« previous post | next post »

Nancy Kathryn Walecki, "Sound as Ever: Gram Parsons and Harvard’s hand in country rock", Harvard Magazine July-August 2023:

During Parsons’s Burritos era, Thomas left Harvard to write his dissertation in a cabin on Mount Baldy outside Los Angeles. Now more of an older brother to Parsons than a proctor, he would take study breaks with him in town: “It was a whole different world from Heidegger and Wittgenstein.” Once, they met Janis Joplin in a nightclub parking lot. “This is my adviser from Harvard. He’s into phenomenology,” Gram said. “Wow,” replied Joplin. “I believe in ghosts, too.”




  1. Peter Grubtal said,

    June 25, 2023 @ 2:24 am

    Looking at Wikipedia on phenomenology, I'd say that Joplin's supposedly naif reaction was in fact very apposite.

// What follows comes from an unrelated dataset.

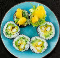
FUTOMAKI Kalmar w tempurze, majonez, warzywa 49 PLN

  2. Olaf Zimmermann said,

    June 25, 2023 @ 8:21 am

    @Peter Grubtal:
    Mario Bunge once said of phenomenology "How could anyone think that this wild fantasy could shed any light on anything except the decadence of German philosophy?"
    Sadly phenomenology (i.e. indocta ignorantia, meaning unrecyclable rubbish) did manage to cross the Atlanic … in translation, no less (how silly can you get?), whence, via the gulf stream I suppose, it eventually made its way to the sceptered isle.

  3. Rodger C said,

    June 25, 2023 @ 9:45 am

    In the Seventies I knew an Episcopal priest who used "phenomenology" in the Janis Joplin sense. It seems to be a thing out there.

  4. MattF said,

    June 25, 2023 @ 10:06 am

    I saw some YouTube reaction videos yesterday by young people who had never heard Janis Joplin before. They were impressed.

  5. Daniel Deutsch said,

    June 25, 2023 @ 11:08 am

    To the scoffers above, I can understand that is how it appears to you.

  6. J.W. Brewer said,

    June 25, 2023 @ 1:34 pm

    Not a point about phenomenology, but I had recently seen Thomas' name somewhere or other (not w/ Joplin in the same paragraph), and after a bit of googling I figured out that it had been in this excerpt from Chris Hillman's autobiography:

    "I don’t think Gram had many real friends. In fact, I believe there were only three people who really knew, loved, and understood Gram Parsons: me, Emmylou Harris, and Rev. Jet Thomas, who was his student advisor at Harvard during Gram’s brief time there. In the end, none of us could save him.”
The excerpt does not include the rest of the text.